In a regular triangular pyramid, the side of the base is 12 dm, and the height of the pyramid is 10
In a regular triangular pyramid, the side of the base is 12 dm, and the height of the pyramid is 10 dm. Find the volume of the pyramid. Write down the formula for the lateral surface.
Knowing the side of the base of the equilateral triangle ABC, we calculate the area of the base of the prism.

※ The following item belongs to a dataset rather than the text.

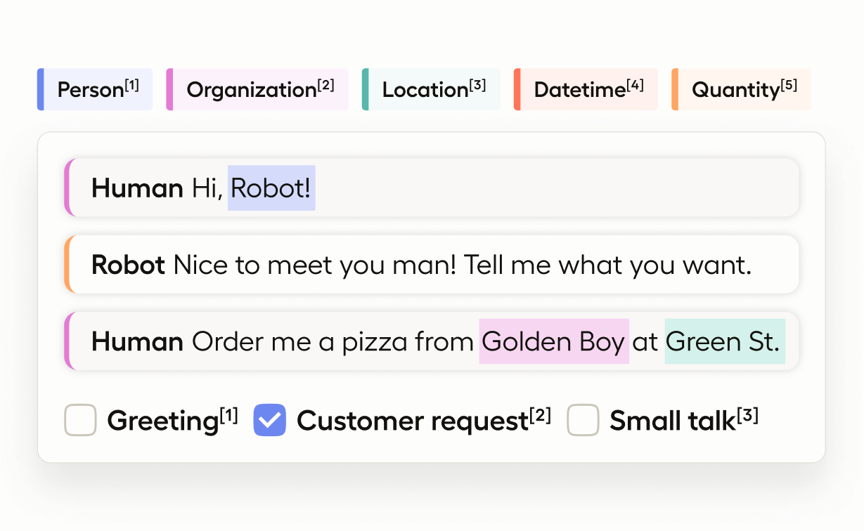 Use this template to provide a section of dialogue, assign labels to spans of text in the dialogue, and classify the intent of the dialogue.

Sbasn = AB ^ 2 * √3 / 4 = 144 * √3 / 4 = 36 * √3 dm2.
Then the volume of the pyramid is equal to: Vpir = Sosn * DO / 3 = 36 * √3 * 10/3 = 120 * √3 dm3.
In an equilateral triangle ABC, we calculate the height of CH.
CH = AB * √3 / 2 = 12 * √3 / 2 = 6 * √3 dm. Then, by the property of the medians, OH = CH / 3 = 6 * √3 / 3 = 2 * √3 dm.
In a right-angled triangle DOH, according to the Pythagorean theorem, DH ^ 2 = OH ^ 2 + DO ^ 2 = 12 + 100 = 112.
DН = 4 * √7 dm.
Then Sbok = 3 * Savd = 3 * AB * DH / 2 = 3 * 12 * 4 * √7 / 2 = 72 * √7 dm2.
Answer: The volume of the pyramid is 120 * √3 dm3, Side = 3 * AB * DH / 2 dm2.